As of the 2020 United States census, there were 311 people, 145 households, and 92 families residing in the town.

===2000 census===
As of the census of 2000, there were 353 people, 137 households, and 100 families residing in the town. The population density was 625.5 PD/sqmi. There were 162 housing units at an average density of 287.1 /sqmi. The racial makeup of the town was 96.88% White, 0.28% Native American, 0.28% Asian, 0.57% Pacific Islander, 1.13% from other races, and 0.85% from two or more races. Hispanic or Latino of any race were 8.22% of the population.

There were 137 households, out of which 38.7% had children under the age of 18 living with them, 57.7% were married couples living together, 10.9% had a female householder with no husband present, and 27.0% were non-families. 24.8% of all households were made up of individuals, and 14.6% had someone living alone who was 65 years of age or older. The average household size was 2.58 and the average family size was 3.04.

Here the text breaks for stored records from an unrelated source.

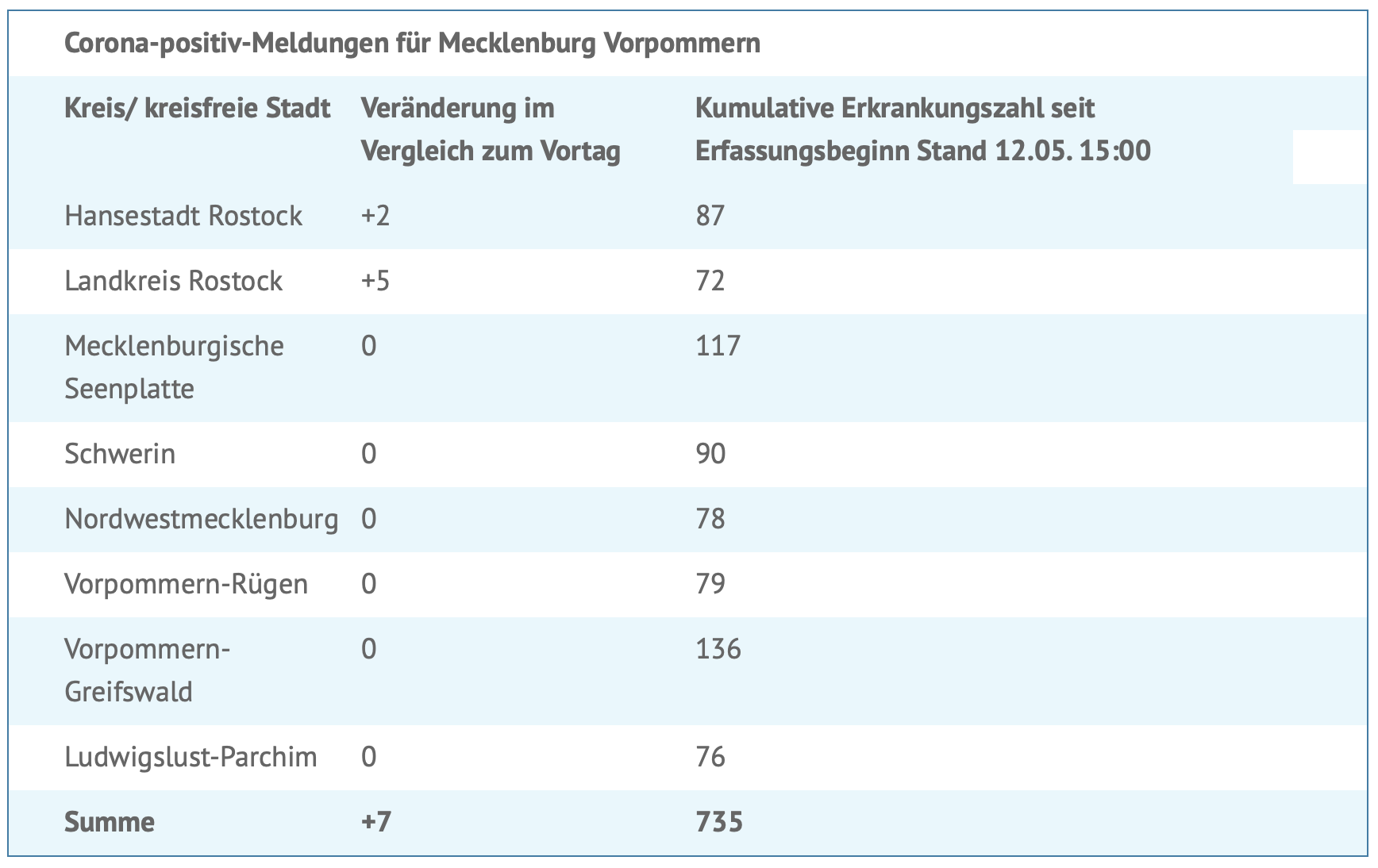 Seit gestern wurden sieben weitere Corona-Infektionen gemeldet. Insgesamt wurden bislang 735 Menschen in MV positiv auf das Virus getestet.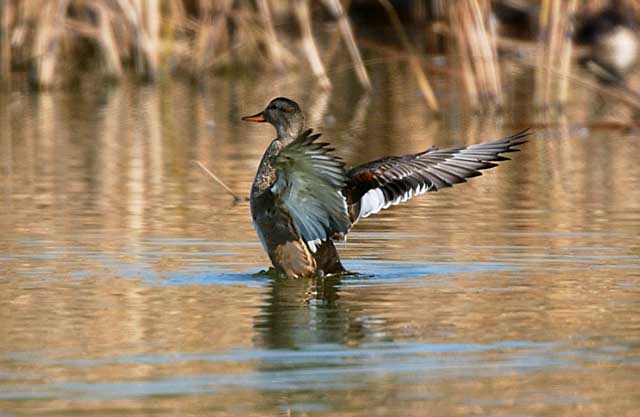 最後の水切りの羽ばたきで、3列風切り羽の白帯が見えてやはり、オカヨシガモの雌であることがはっきりしました。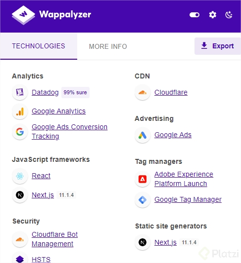 - Visita tu sitio web y abre la extensión para ver las tecnologías instaladas.
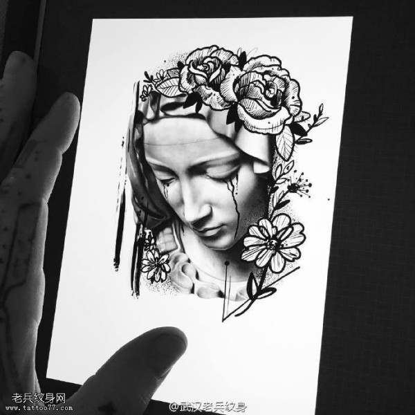 推荐一款欧美圣母玫瑰花纹身手稿素材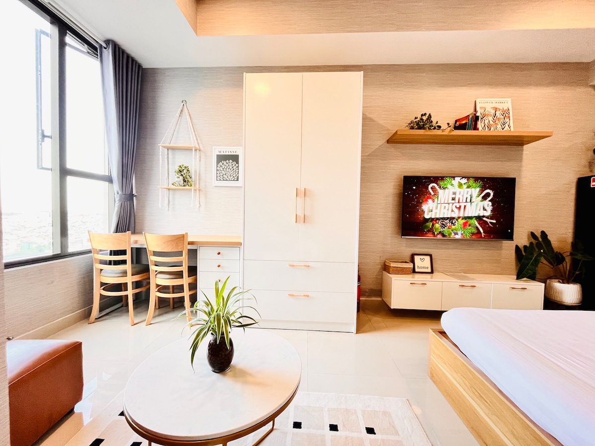 A beautifully designed studio apartment with everything you need, centrally located but hidden away just enough for a peaceful night of sleep away from the heavy city noise. Great for travelers who want to explore Saigon and looking for quality comfort and a more local experience. - Beautiful swimming pool - Free fast wifi, Cable TV - Free amenities for your living: washer, dryer, AC, fridge, hot water - Kitchen with enough tools for your cooking. Note: Not provide/support VAT invoices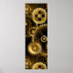 Seamless, metal, brass, gold gears on rusty dark background. Steampunk style.
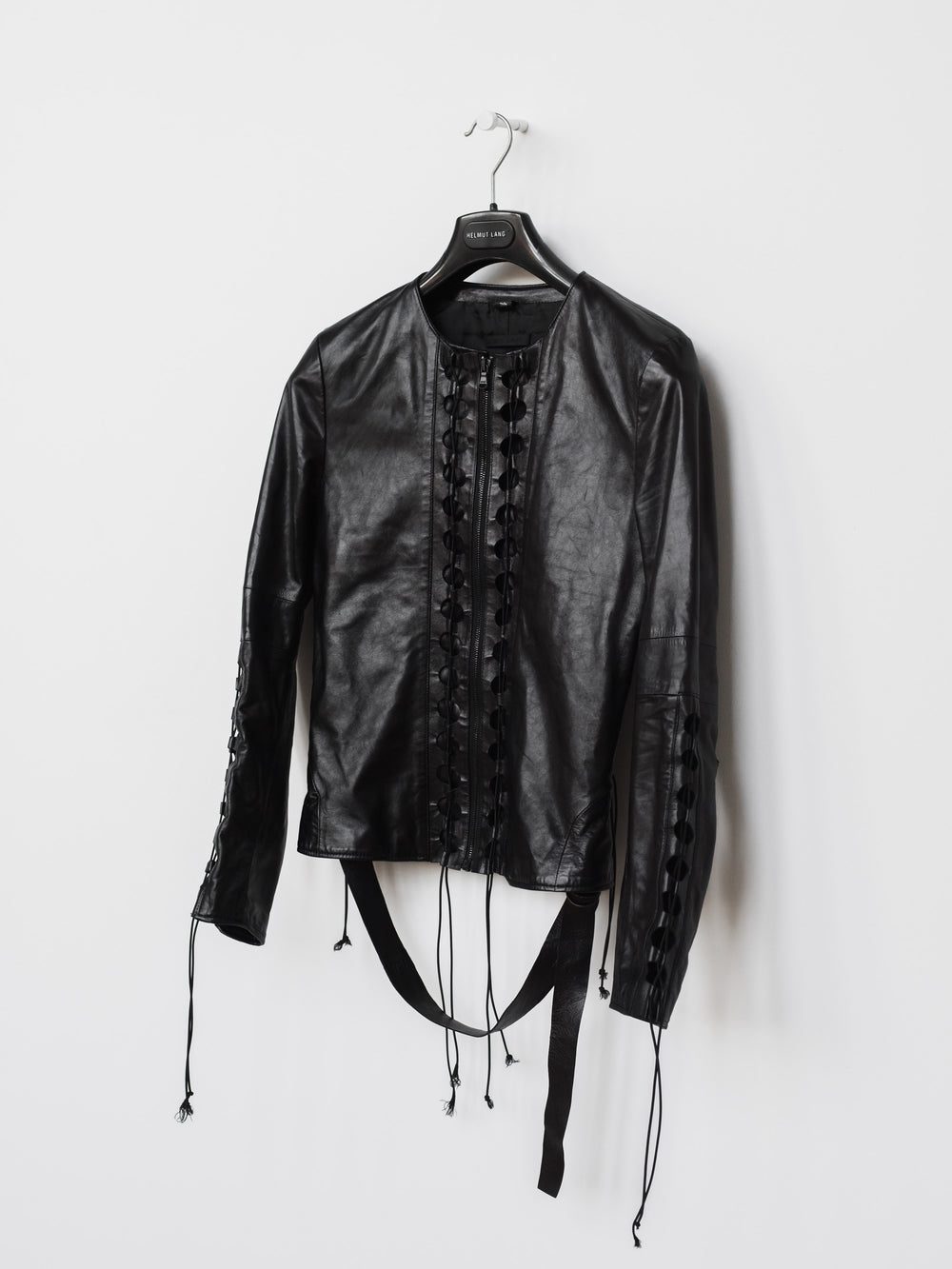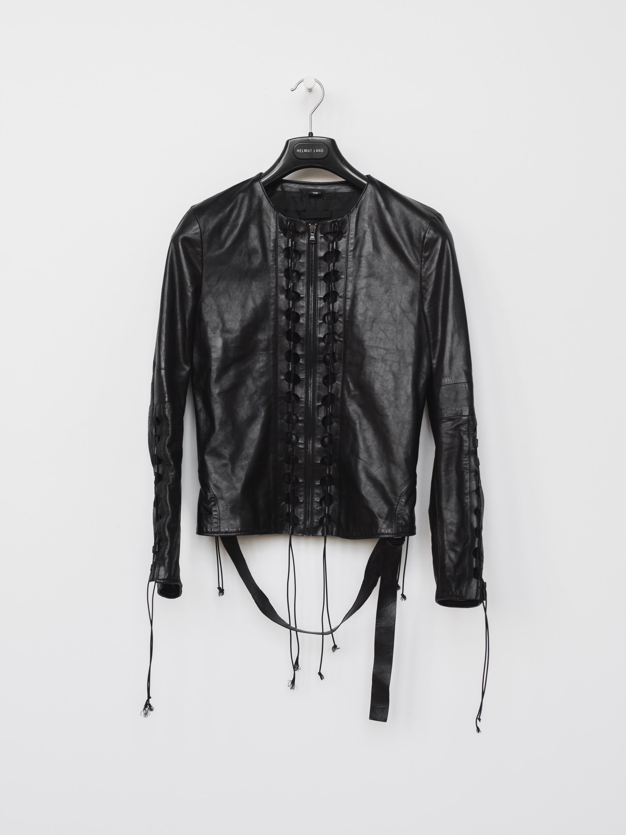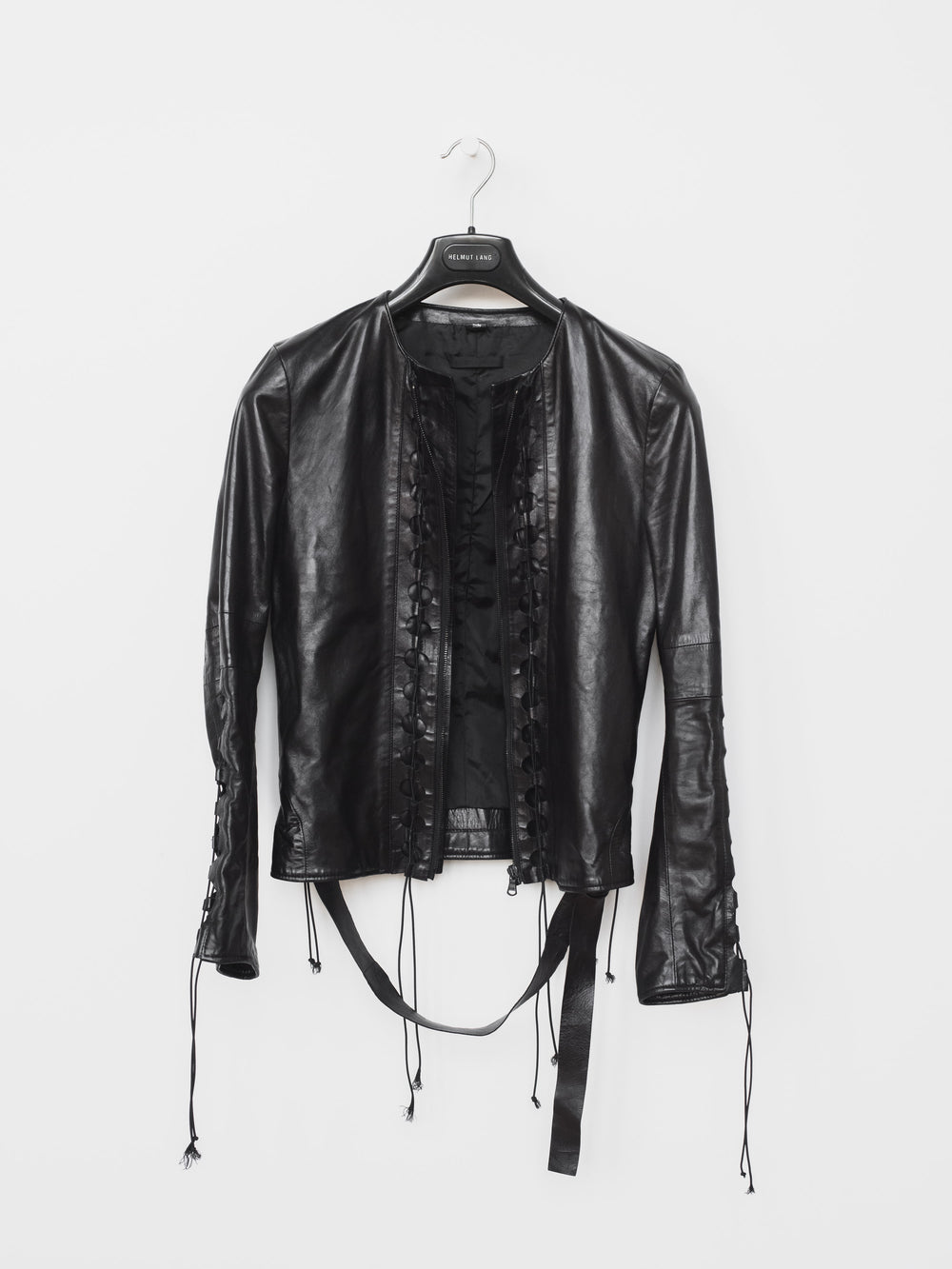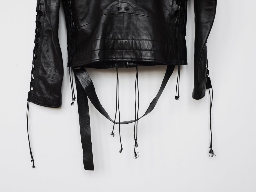 The cutouts are stitched together out of the main body panel without using any additional pieces of leather in an ingenious and intensive process where the supple and delicate leather is carefully thinned and skived then folded over to maintain a smooth seamless surface. The signature dropped back bondage strap, usually crafted in cotton webbing, is rendered here in the same leather as the rest of the jacket. This choice creates a nearly singular material vocabulary while complementing and driving focus towards the other outer material: the elongated adjustable corset ties that runs throughout the lacing panels of the piece.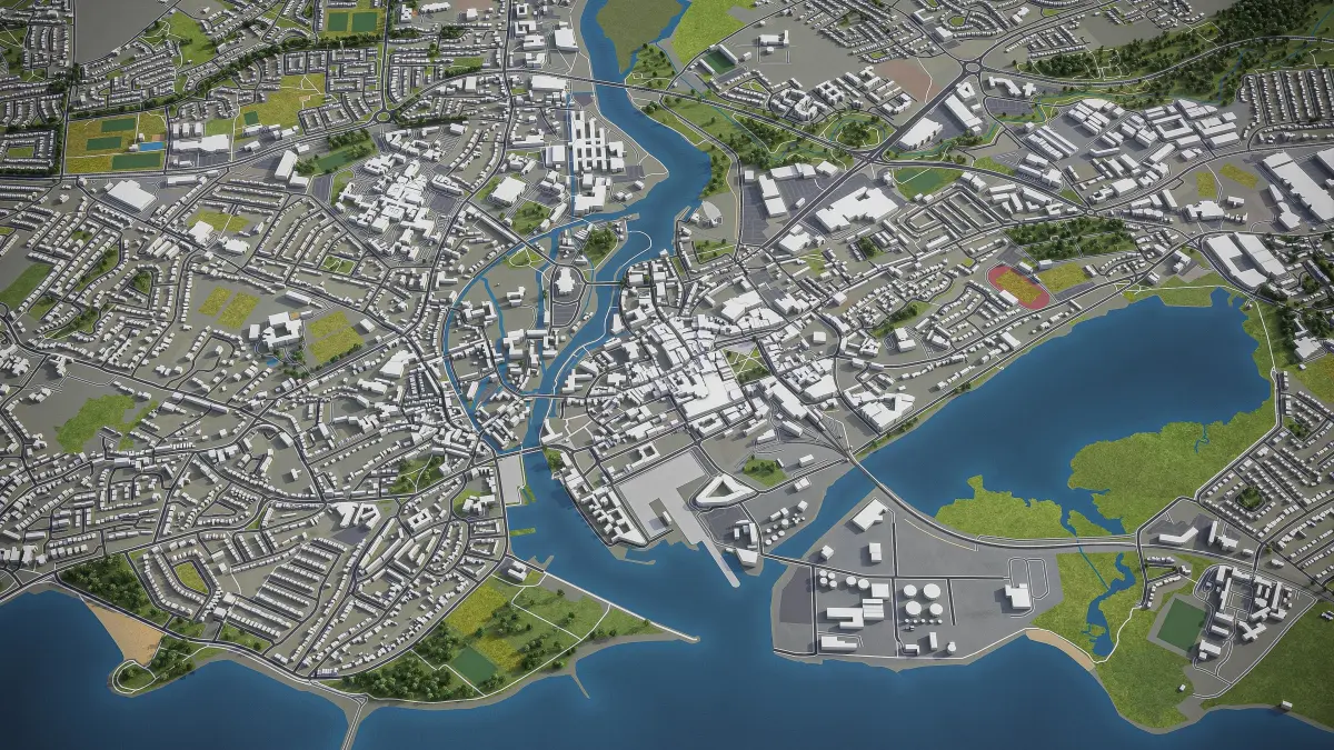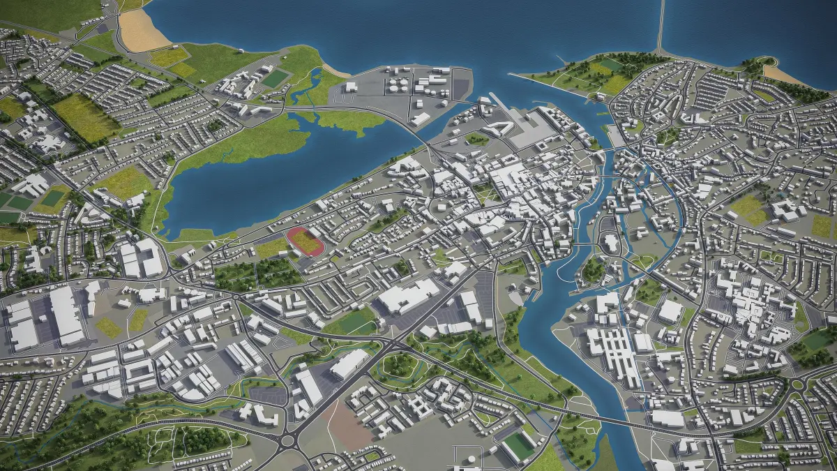 - Full city extents up to 100 x 100 km — or crop to an area of interest for better format compability and scene performance

In the town, the population was spread out, with 27.2% under the age of 18, 6.2% from 18 to 24, 27.2% from 25 to 44, 24.6% from 45 to 64, and 14.7% who were 65 years of age or older. The median age was 39 years. For every 100 females, there were 101.7 males. For every 100 females age 18 and over, there were 91.8 males.

The median income for a household in the town was $28,281, and the median income for a family was $29,625. Males had a median income of $25,000 versus $17,500 for females. The per capita income for the town was $13,347. About 15.2% of families and 19.8% of the population were below the poverty line, including 29.0% of those under age 18 and 7.3% of those age 65 or over.

==Education==
The town of Lawn is served by the Jim Ned Consolidated Independent School District.

== Notable person ==

- Sunshine Parker, (1927–1999; pseudonym for Lloyd Olen Parker; known for roles including Emmitt in Road House, as well as many character roles in movies and television.